(Data entries)
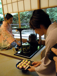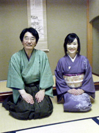 愛いでしょ? (右)お菓子を取っていらっしゃる荒井先生は、もちろん正客でいらっしゃいます
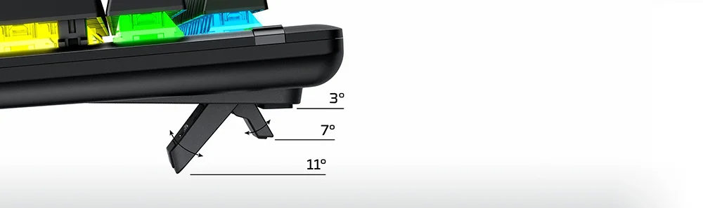 Отрегулируйте двухступенчатые ножки клавиатуры для трех различных настроек угла (3 °, 7 ° или 11 °), в зависимости от того, что делает ваши запястья наиболее удобными.
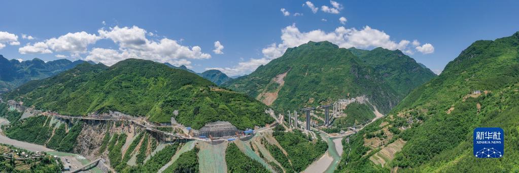 这是5月10日拍摄的巫镇高速公路二标段施工现场(无人机全景照片)。
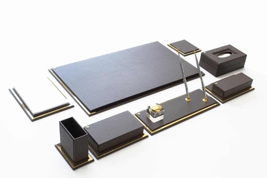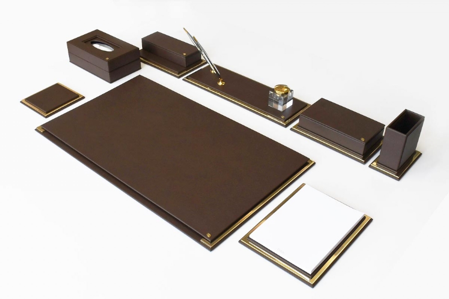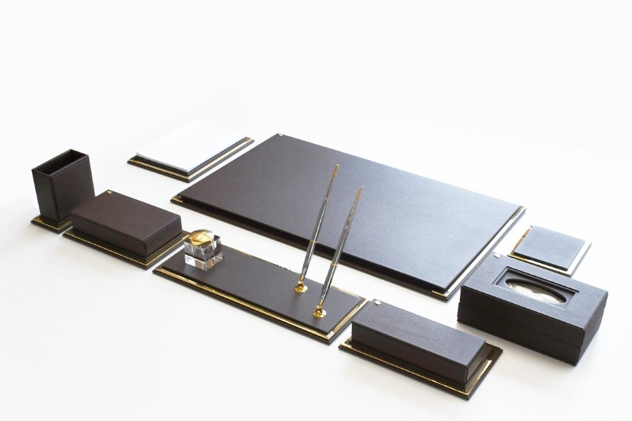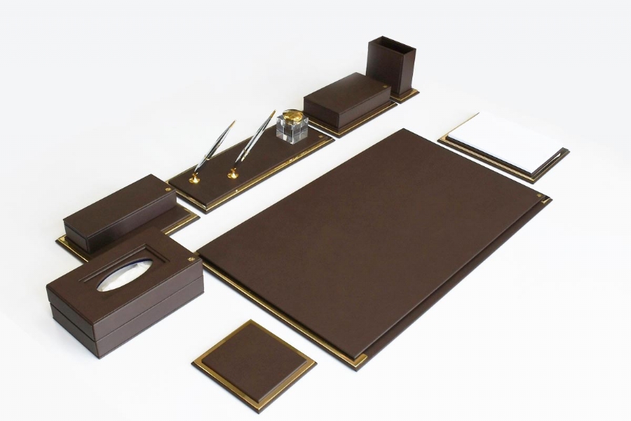 Klasik İtalyan deri ve altın kaplamanın en güzel örneklerinden biri olan bu sümen takımı; kusursuz el işçiliği ve özel derisi ile zerafeti yansıtmaktadır. Klasik ofislerin vazgeçilmez aksesuarları olan bu lüks masa setlerinin kırk değişik renk seçeneği bulunmaktadır.
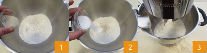 Para preparar as Iris, comece pela preparação da massa. Despeje a farinha peneirada na tigela da batedeira, juntamente com o fermento 1, depois adicione o açúcar 2, ligue a máquina em velocidade moderada com o gancho montado e comece a adicionar o leite morno lentamente 3.
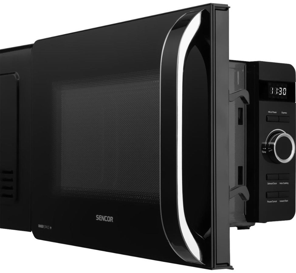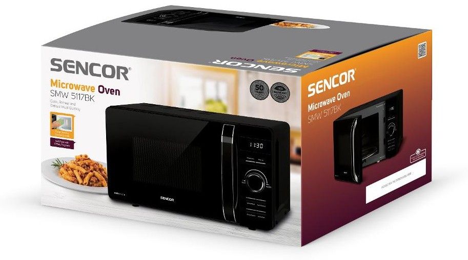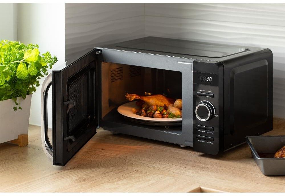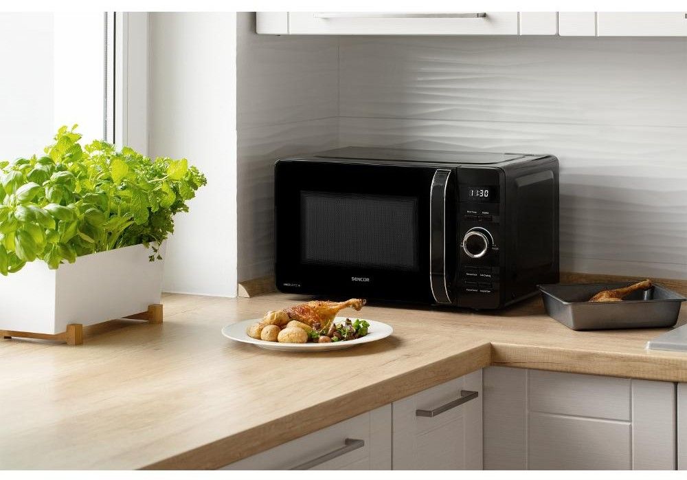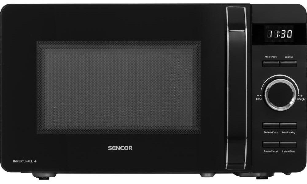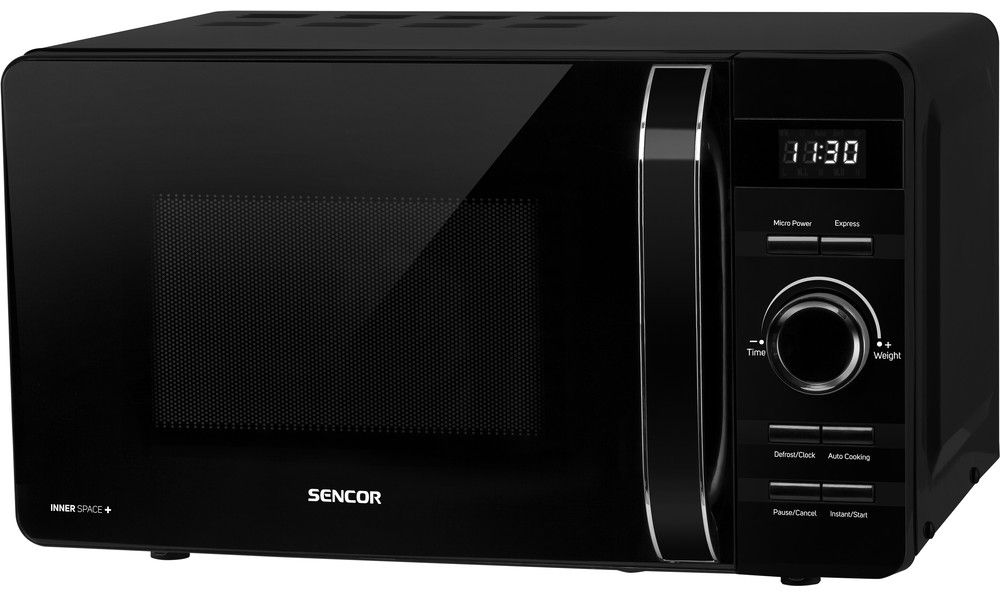 Mikrovlnná trouba s vnitřním objemem 17 l, 8-mi programy a 5-ti úrovněmi mikrovlnného výkonu.
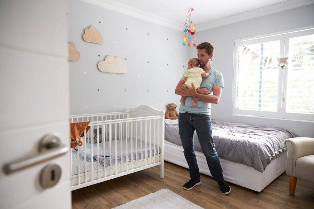 Лучше всего, чтобы комната для новорожденного находилась рядом с комнатой для родителей. Еще одним вариантом является обустройство уголка для малыша прямо в родительской спальне. Дело в том, что ребенок первое время весьма часто просыпается, чтобы поесть или при помощи плача оповестить окружающих о проблемах со здоровьем
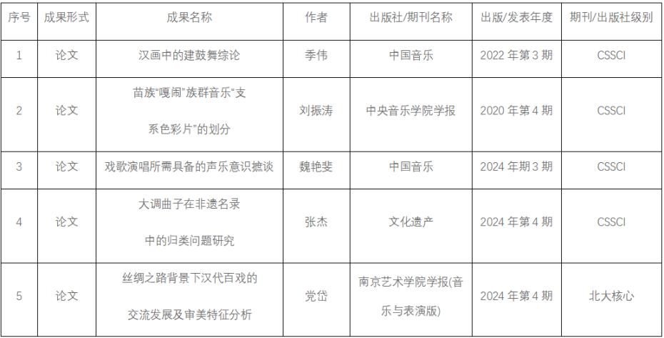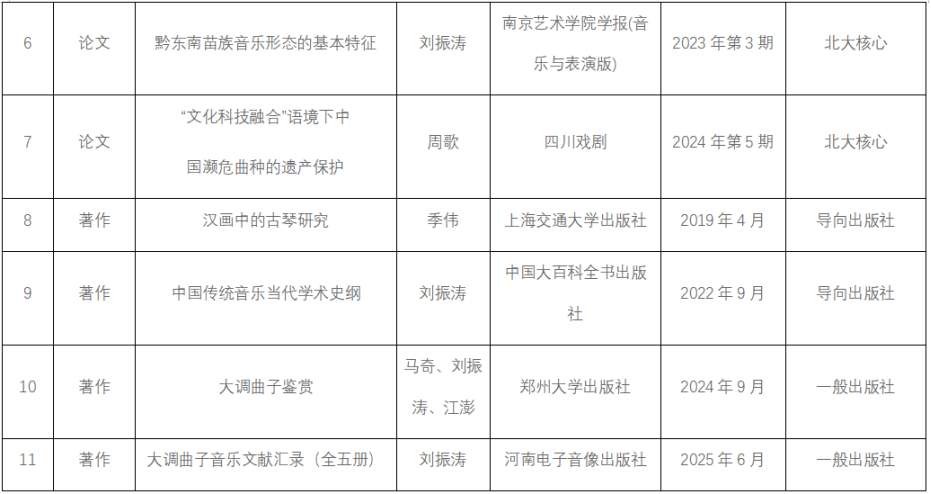 音乐学科代表性学术专著与学术论文
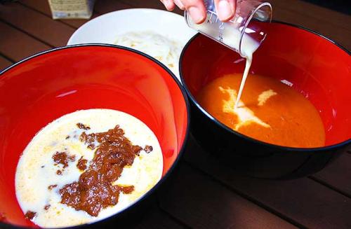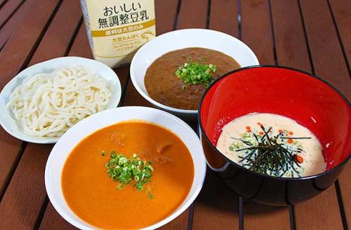 豆乳バターチキンカレーつけうどん/豆乳ビーフキーマつけうどん/豆乳ごまサバ冷や汁うどん
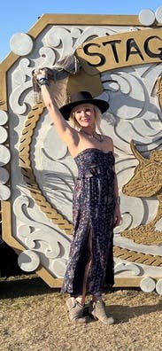 I wore this dress to Stagecoach. I agree with other reviews, the straps are impossible. I wrapped the straps around my chest and wore it like a strapless dress which works if you have a very small chest. Fun to dress up.
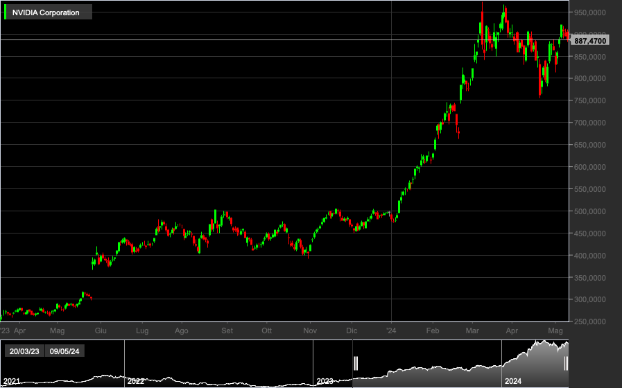 Looking at the artificial intelligence market, a first point of reference for the sector is, without a doubt, the company NVIDIA, whose share price, compared to the lows of the year, has grown by almost 90%. The price contraction recorded starting from the first days of April proved to be a flash in the pan and, after a 20% drawdown compared to the highs, the company’s share price began to rise again, surprising many. SIi expects the company’s earnings to be reported on May 22, so the market will have to wait a little longer to see if fundamental expectations will confirm the share price growth. In any case, the stock markets expect triple-digit growth in profit, definitely one of the most promising estimates among those of the Magnificent 7, which on average expect growth above 30%, according to Bloomberg data. Being the share of the AI sector with the largest capitalization, the strong upward push in price has driven the various indices and funds, and in fact, it continues to be one of the best-performing periods for the latter.

Task goal | Produce a verbatim copy of all records, minus pictures.

Response to this exercise |
 愛いでしょ? (右)お菓子を取っていらっしゃる荒井先生は、もちろん正客でいらっしゃいます
 Отрегулируйте двухступенчатые ножки клавиатуры для трех различных настроек угла (3 °, 7 ° или 11 °), в зависимости от того, что делает ваши запястья наиболее удобными.
 这是5月10日拍摄的巫镇高速公路二标段施工现场(无人机全景照片)。
 Klasik İtalyan deri ve altın kaplamanın en güzel örneklerinden biri olan bu sümen takımı; kusursuz el işçiliği ve özel derisi ile zerafeti yansıtmaktadır. Klasik ofislerin vazgeçilmez aksesuarları olan bu lüks masa setlerinin kırk değişik renk seçeneği bulunmaktadır.
 Para preparar as Iris, comece pela preparação da massa. Despeje a farinha peneirada na tigela da batedeira, juntamente com o fermento 1, depois adicione o açúcar 2, ligue a máquina em velocidade moderada com o gancho montado e comece a adicionar o leite morno lentamente 3.
 Mikrovlnná trouba s vnitřním objemem 17 l, 8-mi programy a 5-ti úrovněmi mikrovlnného výkonu.
 Лучше всего, чтобы комната для новорожденного находилась рядом с комнатой для родителей. Еще одним вариантом является обустройство уголка для малыша прямо в родительской спальне. Дело в том, что ребенок первое время весьма часто просыпается, чтобы поесть или при помощи плача оповестить окружающих о проблемах со здоровьем
 音乐学科代表性学术专著与学术论文
 豆乳バターチキンカレーつけうどん/豆乳ビーフキーマつけうどん/豆乳ごまサバ冷や汁うどん
 I wore this dress to Stagecoach. I agree with other reviews, the straps are impossible. I wrapped the straps around my chest and wore it like a strapless dress which works if you have a very small chest. Fun to dress up.
 Looking at the artificial intelligence market, a first point of reference for the sector is, without a doubt, the company NVIDIA, whose share price, compared to the lows of the year, has grown by almost 90%. The price contraction recorded starting from the first days of April proved to be a flash in the pan and, after a 20% drawdown compared to the highs, the company’s share price began to rise again, surprising many. SIi expects the company’s earnings to be reported on May 22, so the market will have to wait a little longer to see if fundamental expectations will confirm the share price growth. In any case, the stock markets expect triple-digit growth in profit, definitely one of the most promising estimates among those of the Magnificent 7, which on average expect growth above 30%, according to Bloomberg data. Being the share of the AI sector with the largest capitalization, the strong upward push in price has driven the various indices and funds, and in fact, it continues to be one of the best-performing periods for the latter.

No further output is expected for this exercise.